Tyler VawserTyler Vawser

Can We Measure What Matters?

November 05, 2024

Every November, I challenge myself by selecting and reading books that I would typically avoid—whether it’s a genre I avoid or an author or topic that I disagree with. This practice has been enlightening, albeit occasionally frustrating, especially when faced with a book that is more difficult than I expected. (I strongly encourage you to make this an annual tradition, even if it’s as simple as reading one article or opinion piece.)

While searching for this year’s books, I posed a question to myself: “What topic would I rather NOT write about in our Team Letter? What should we all be thinking about more right now?”

The answer: the significance of metrics in marketing and how we measure our work.

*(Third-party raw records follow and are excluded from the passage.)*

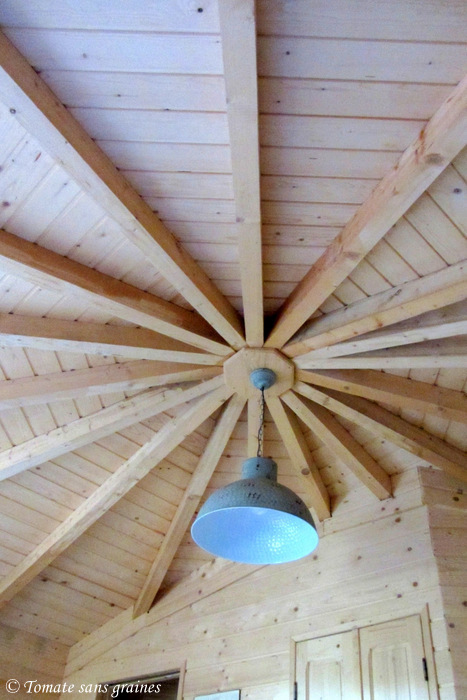 S’il y a tant de commodités, c’est parce que cette cabane constitue avec 22 autres un hôtel trois étoiles… insolite, je vous l’accorde, mais c’est bien là tout l’intérêt du lieu, sinon je ne m’y serais pas intéressée. 😉 Alors, je n’y suis personnellement pas allée pour le confort, je ne m’attendais pas à avoir la télé par exemple (que je n’ai d’ailleurs pas regardée ^^), mais bien pour l’aspect « nature » du concept. L’idée de dormir dans une cabane dans les bois me plaisait beaucoup et j’avais ainsi envie de tenter l’expérience. Mais je dois bien admettre que cela avait aussi un côté rassurant de savoir que je n’allais pas vivre à la Robinson Crusoé ! ^^ Au contraire, j’avais l’impression d’être comme dans un cocon, sentiment que la forme ronde de notre cabane et la structure de son plafond accentuaient. Ces cabanes ont toutefois été construites dans un esprit de développement durable, et trois d’entre elles sont labellisées « tourisme handicap » , permettant l’accès aux personnes à mobilité réduite.
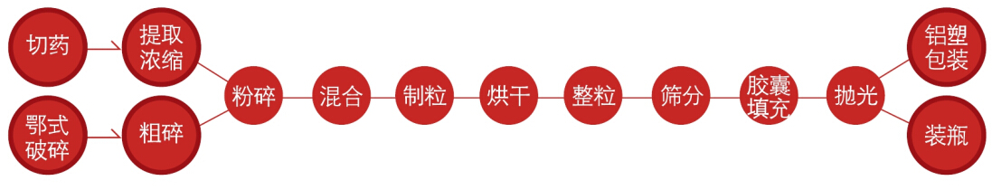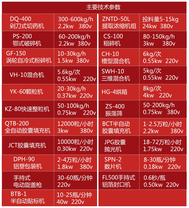 生產(chǎn)流程介紹:首先用切藥機(jī)將物料切成片或段,然后使用提取濃縮機(jī)組得到濃縮物;物料也可以首先經(jīng)過PS鄂式破碎機(jī)進(jìn)行破碎后,再用CS100粗碎機(jī),將大塊物料粗碎,然后進(jìn)行粉碎;粉碎機(jī)可選擇GF-150渦輪自冷式粉碎機(jī)或SF-130中藥高速粉碎機(jī),物料細(xì)度100-120目之間。粉碎后,將多種物料倒入CH-10混合機(jī)內(nèi),混合均勻。CH-10混合機(jī)適合干粉和濕粉混合,按工藝要求,使用VH-10或SWH-10混合機(jī)進(jìn)行總混。YK-60顆粒機(jī)把總混后的物料制成11目—14目的顆粒。然后采用HG-4或HG-6烘箱,把物料烘干。烘干后有些物料會(huì)結(jié)塊,使用KZ-80快速整粒機(jī)將物料快速還原成顆粒,而不破壞其顆粒形態(tài)。ZS-400振蕩篩將不同目數(shù)的顆粒和粉末篩分。填充可根據(jù)自身情況選擇3種:1、QTB系列全自動(dòng)膠囊填充機(jī);2、BCT半自動(dòng)膠囊填充機(jī);3、JCT膠囊填充機(jī);填充后,使用JPG膠囊拋光機(jī),將膠囊上的粉塵去除。包裝分為2種形式:1、如需裝瓶,可選擇SPN-2單盤膠囊片劑數(shù)片裝瓶機(jī),旋蓋可選用電動(dòng)旋蓋槍,鋁箔封口可選用FL-500手持式鋁箔封口機(jī),最后用BTB-1半自動(dòng)貼標(biāo)機(jī)進(jìn)行貼標(biāo);2、使用DPH-90鋁塑泡罩包裝機(jī)。以上小型膠囊生產(chǎn)設(shè)備,符合GMP標(biāo)準(zhǔn),產(chǎn)量每小時(shí)10-15kg。
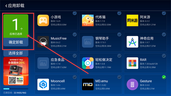3、在应用卸载界面勾选需要卸载的应用后,点击左侧的【确定卸载】按钮,即可触发卸载确认弹窗。
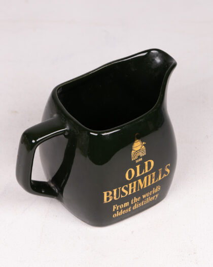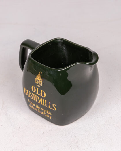 Vintage Old Bushmills green ceramic advertising jug, featuring gold lettering and Wade PDM England hallmark. Perfect for a collector.
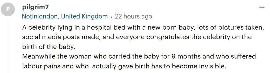 有网友总结说:“一个名人躺在医院的病床上,怀里是一个刚出生的婴儿,拍了好多照片,在社媒上发了好多帖子,每个人都祝这位名人刚生了孩子。
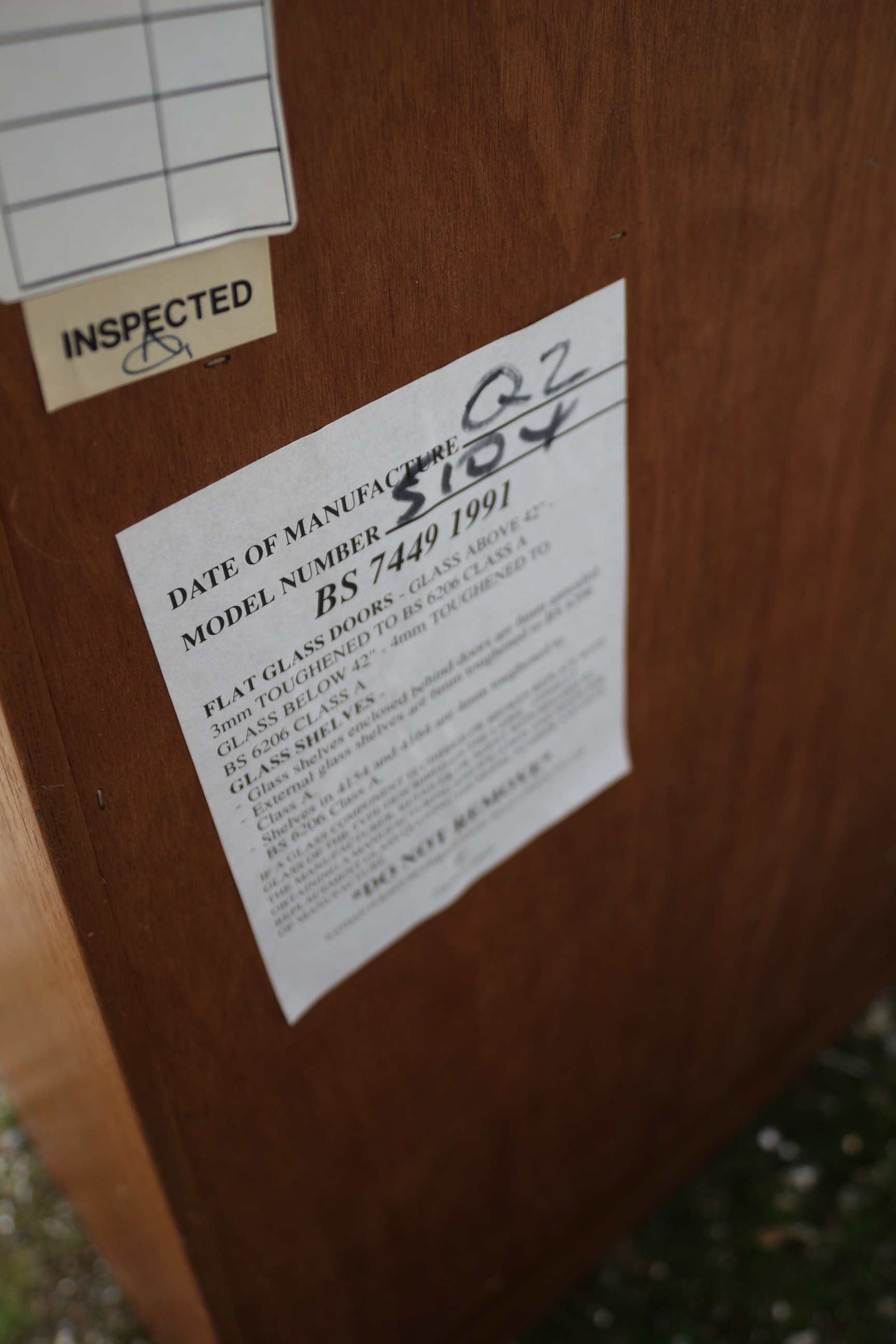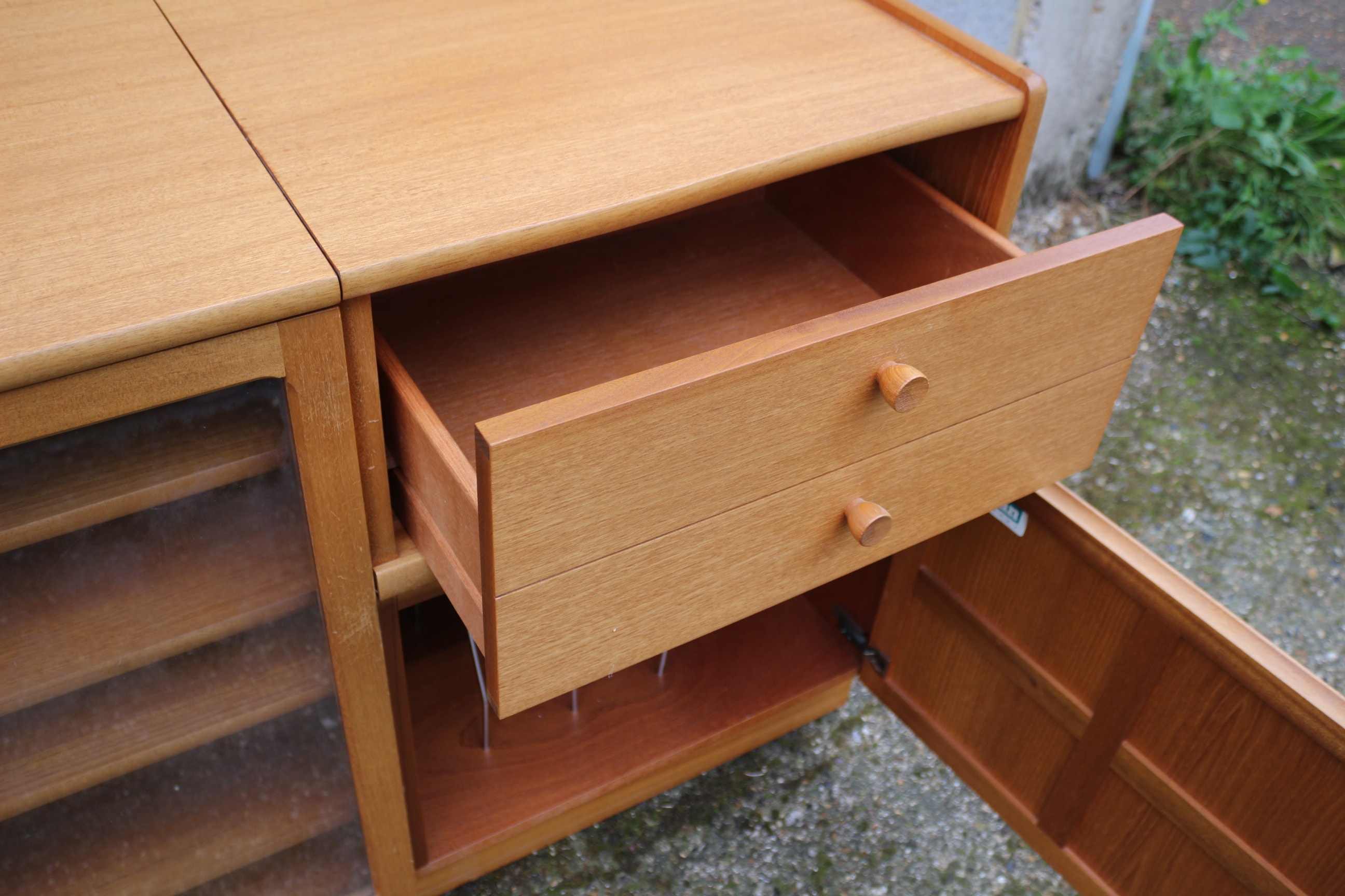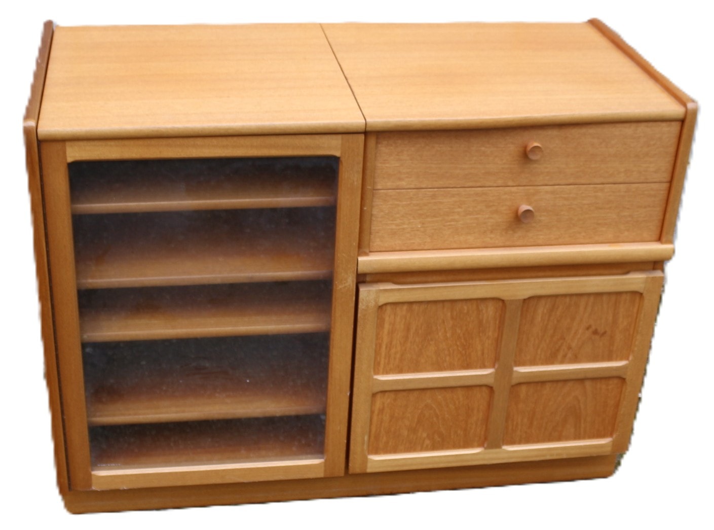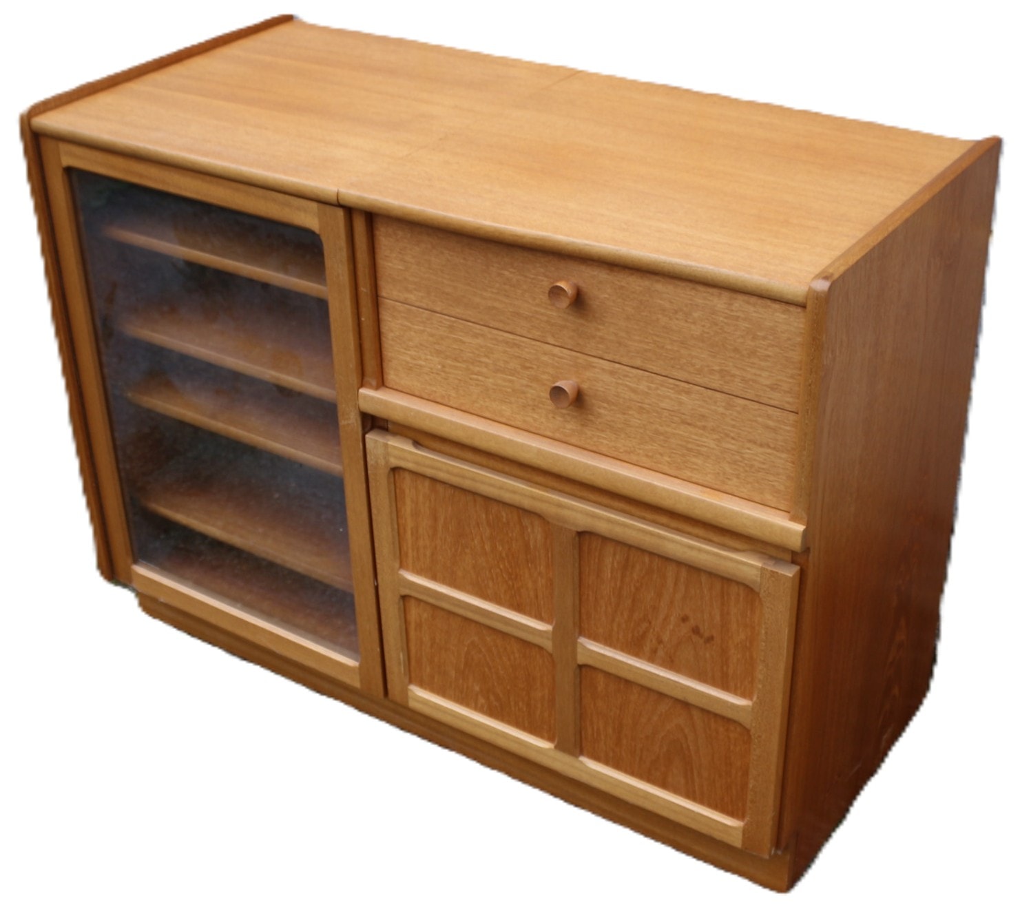 A Nathan Furniture Teak Sideboard, Model 5104, manufactured in Q2 1991, exhibiting a Mid-Century Modern aesthetic. Constructed from teak wood with glass elements, the unit features a composite design with a central seam across its top surface. The left section comprises a glass-fronted display cabinet with four internal shelves and lift up top. The right section provides two drawers with round wooden pulls positioned above a lower cabinet with a solid four-panel door, which contains metal dividers suitable for record storage. Labels on the reverse confirm the maker as ‘Nathan Furniture’, material as ‘TEAK UNIT’, and ‘MODEL NUMBER: 5104’, alongside a manufacturing date of Q2 1991 referencing British Standard 7449 1991. 99.5x46cm 75cm Tall
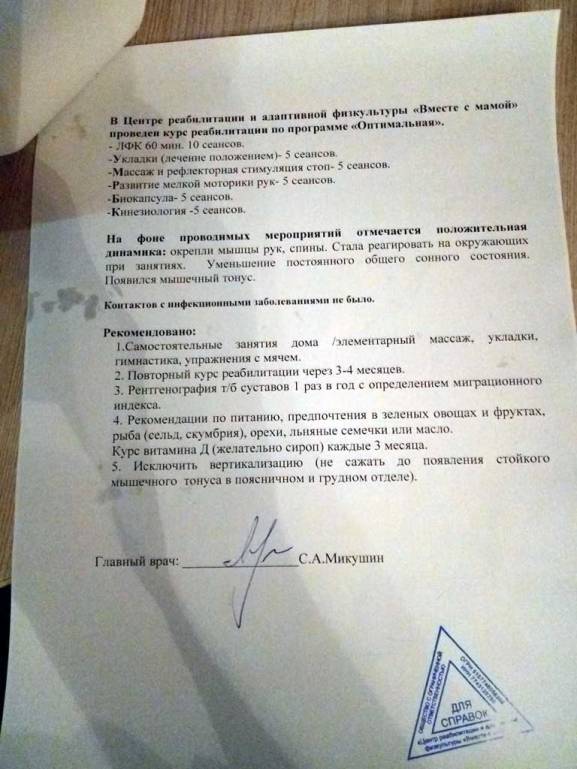 Общими усилиями оплачена первая реабилитация! Занятия прошли с 25.04.2019 по 08.05.2019. Спасибо за оказанную посильную помощь! Просим Вас по возможности периодически промогать на лечение ребенку так как реабилитации требуются постоянные, каждые 2-4 месяца. В среднем около 5 раз за год. Конечно такое финансовое бремя очень тяжелое для любой семьи оказавшейся в такой безвыходной ситуации. Без контроля и помощи специалистов реабилитологов к сожалению детям с диагнозом ДЦП не социализироваться.
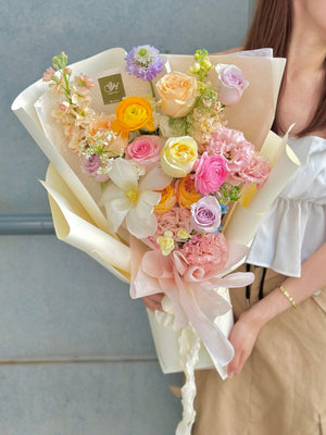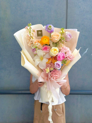 Place your flower bouquet in a cool room or shaded area. Please avoid placing your bouquet in a fridge / exposing your bouquet to direct extreme heat, ripening fruits, and direct sunlight.
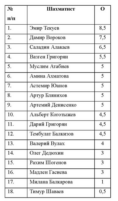 Прогнозы оказались точными на все сто процентов. Чемпионом Нальчика стал Эмир Текуев, набравший 8,5 очка из 9 возможных. На одно очко отстал Вороков. Третий результат - 6,5 очка – у Алакаева.

This letter addresses my stance against letting metrics dictate our team’s decisions, juxtaposed with the need to evaluate and quantify our efforts. If that’s not confusing enough, keep reading.

First, the danger of metrics and why I typically avoid metrics for our team:

The Cobra Effect:

In colonial India, British officials in Delhi offered a cash reward for each dead cobra, aiming to reduce their population. However, locals began breeding cobras for profit, ultimately leading to a surge in the cobra population when the program was terminated.

Lesson: Metrics can trigger unintended consequences due to misaligned incentives.

Soviet Nail Factory Metrics:

In the Soviet Union, nail factories prioritized producing a vast quantity of small nails to meet a production quota. Altering the metric to nail weight inadvertently resulted in the production of heavy, unusable nails.

Lesson: Focusing solely on a specific metric may undermine the intended goal, emphasizing the importance of capturing what truly matters.

A/B Tests:

Lars Lofgren is an exceptional marketer. He was early at KISSmetrics and later helped grow IWT (Ramit Sethi’s company). He’s one of the smartest marketers I know; one time we were having coffee in NYC and he told me about his approach to A/B tests.

At the time, I was at Sticker Mule where we ran “big and meaningful” A/B tests. In short, he said three things: 1) the control stands, 2) you have to wait longer than you think to pick a winner and 3) you need 99% statistical significance. Soon after that conversation he published this article: My 7 Rules for A/B Testing That Triple Conversion Rates (if you’re on the Growth team, this is required reading!). In short, Lars showed me that metrics need time and without it, the data often tells a different, inaccurate story.

Lesson: Without the right guardrails, you can inadvertently pick the wrong choice while thinking you were right. Data can be misleading if not understood in the proper context or proper timeline.

Second, metrics have a place (or learning to prove myself wrong):

Let’s use this quote as a thought experiment: “If you can’t measure it, you can’t improve it.”

We have to ask ourselves:

  • What do we want to improve?
  • What matters most in our work?
  • What is our team’s contribution to Apptegy?

Now, let’s work that backward (based on the previous team letter):

  1. Our team’s objective or contribution to Apptegy is to “make sales easier” and “hold a conversation with the entire K-12 market.”

  2. What matters most in our work is to “get and keep attention, establish trust and credibility, make the complex simple and accessible, and, most importantly, persuade someone to take action.”

  3. Now, what do we want to improve?

That’s where I want each team and person to spend some time thinking and writing. The last few letters have been intended for you to read and think. This one is more typical work.

Your task is to:

  • Block off 35 minutes to ask yourself what do you and your team want to improve next year.
  • Come up with at least 5 and no more than 10.
  • Check your list against what you think is most important in your work: your unique contribution, objectives, and what matters most.

As you do, don’t forget about our contribution to Apptegy and what matters most in our work. Start by listing out all the things you want to improve (don’t worry about measuring it, yet). Then, as a team, I want us to all talk about what we came up with to discuss how (or if) we can measure those over the course of the next year.

I’m doing the same and my hope is that I can prove myself wrong and find a way to measure what matters most and make meaningful improvements over the coming months and years.

We’ll meet on Tuesday, November 12th to discuss what each person and team creates.

I’ll end on this quote, from the great marketer Seth Godin, “Just because something is easy to measure doesn’t mean it’s important.”

However, the inverse isn’t always true: just because something is important doesn’t mean you cannot measure it. Keep that in mind as you think and write out your areas to improve.


P.S. I haven’t selected my books yet so if you think of something I wouldn’t like or a viewpoint I should consider but am unlikely to read on my own, I’m all ears.

P.P.S. If you haven’t read it, read Alchemy by Rory Sutherland or watch his TED Talk again or watch this other (very similar) TED talk.